Roman Abramovich has acted as a go-between for Kyiv and Moscow on plans for peace talks, Ukraine’s president has confirmed.
Volodymyr Zelenskiy said the former owner of Premier League football club Chelsea had met him in Kyiv with a message from Russia and offered to bring a reply directly to Vladimir Putin.
In an interview with Sky News, Zelenskiy said Abramovich “wanted to give me the message that they (Russia) are ready to, that they want to understand what we are ready to do”, and had offered to take a reply “and give it to Putin”.
He added: “I said the question is not about us. You are fighting against us on our territory.
“And I said to him about Donbas, it was the key message, I said we will not leave and we will not go out from our territory. No, we will not give you a victory (in) such (a) way, and you will not get it.”

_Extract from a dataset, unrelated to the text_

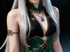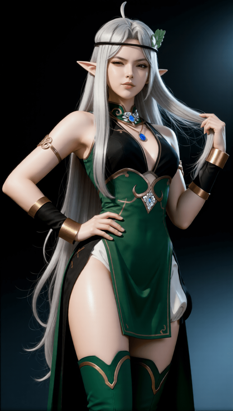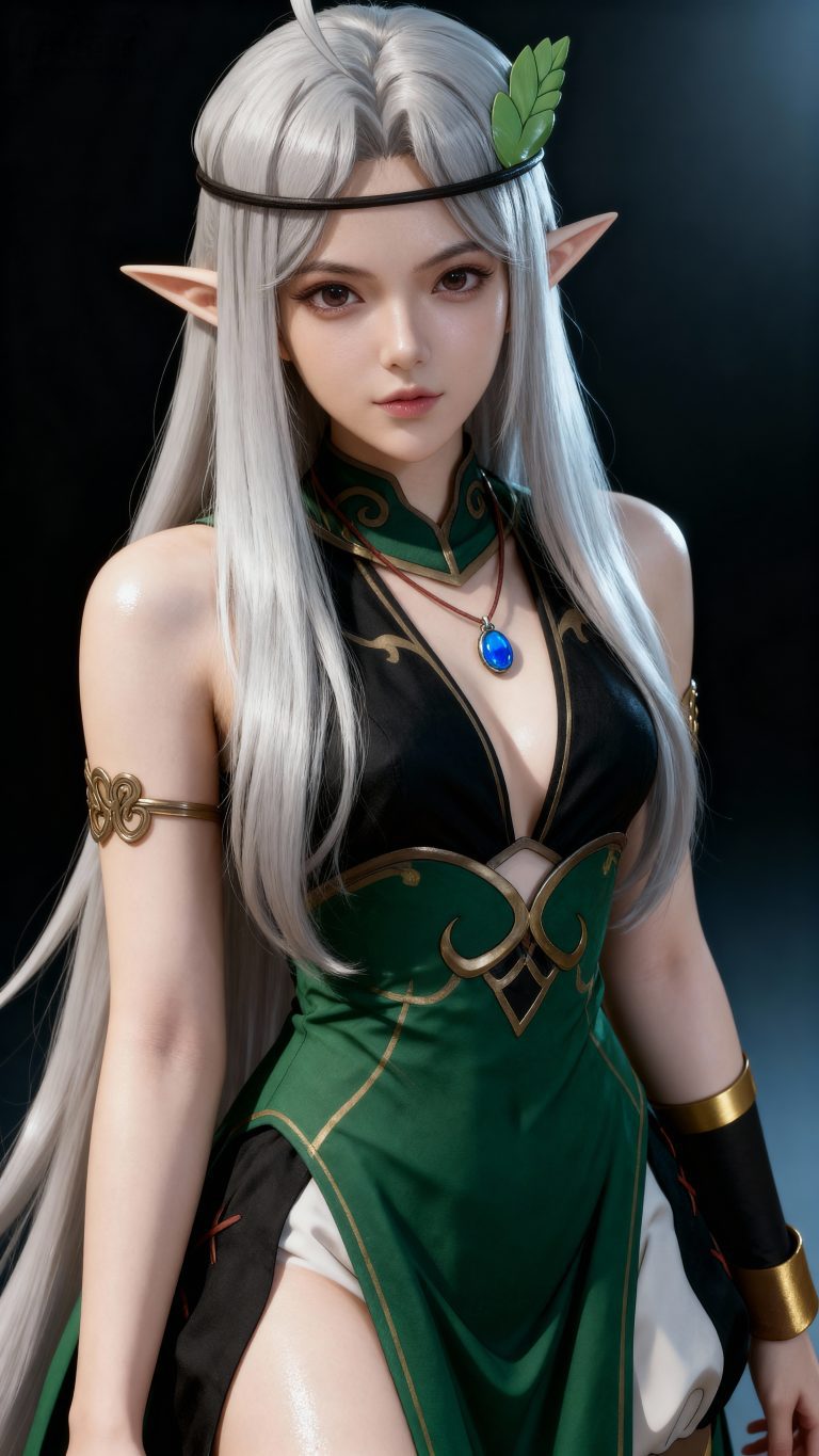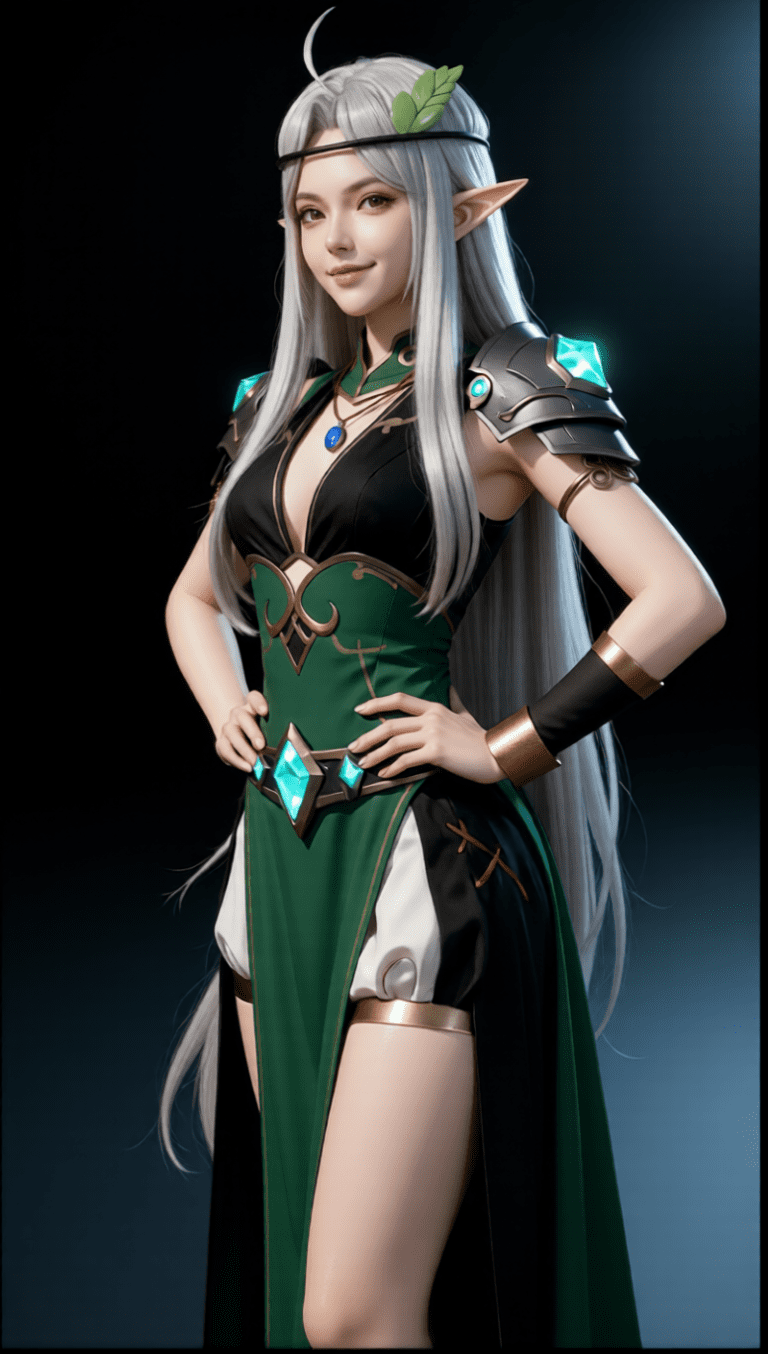 一位年轻亚洲女性,全身像,动漫转真人风格,拥有精致立体的五官,真人比例身材,人物形象参考图2,皮肤白皙细腻,质感通透,面部有细微的高光和阴影,营造出立体的面部轮廓,整体妆容精致自然,背景为深色渐变,突出人物主体,光线柔和均匀,呈现出专业摄影的质感,画面清晰锐利,细节丰富,具有3D渲染的精致效果。

Zelenskiy said he told Abramovich to tell the Russian president he was willing to meet “any time from tomorrow” in any location other than Russia or Belarus, and either bilaterally or with US president Donald Trump and European leaders.
He did not say when the meeting took place, but the Financial Times reported the pair had met in late May this year.
Abramovich was sanctioned by the UK shortly after Russia’s full-scale invasion of Ukraine in 2022 over his connections to Putin.
He has previously been involved in negotiations with Moscow and reportedly played a role in arranging a prisoner swap in 2022 that secured the release of five British men captured while fighting for Ukraine.
Zelenskiy is currently visiting the UK, and is expected to hold a private meeting with Britain’s King Charles on Monday.
On Sunday, he met Keir Starmer in Downing Street along with French president Emmanuel Macron and German chancellor Friedrich Merz.
In a joint statement on Sunday night, the leaders called on Putin to agree “an immediate and complete ceasefire” and condemned Russia’ “large-scale missile and drone attacks” on Ukrainian cities.
On the same day, a Russian drone strike killed three people waiting at a bus stop in south-eastern Ukraine, while a separate attack damaged a storage centre for spent nuclear fuel nine miles from the Chernobyl power plant.
Officials said radiation remains within safe levels.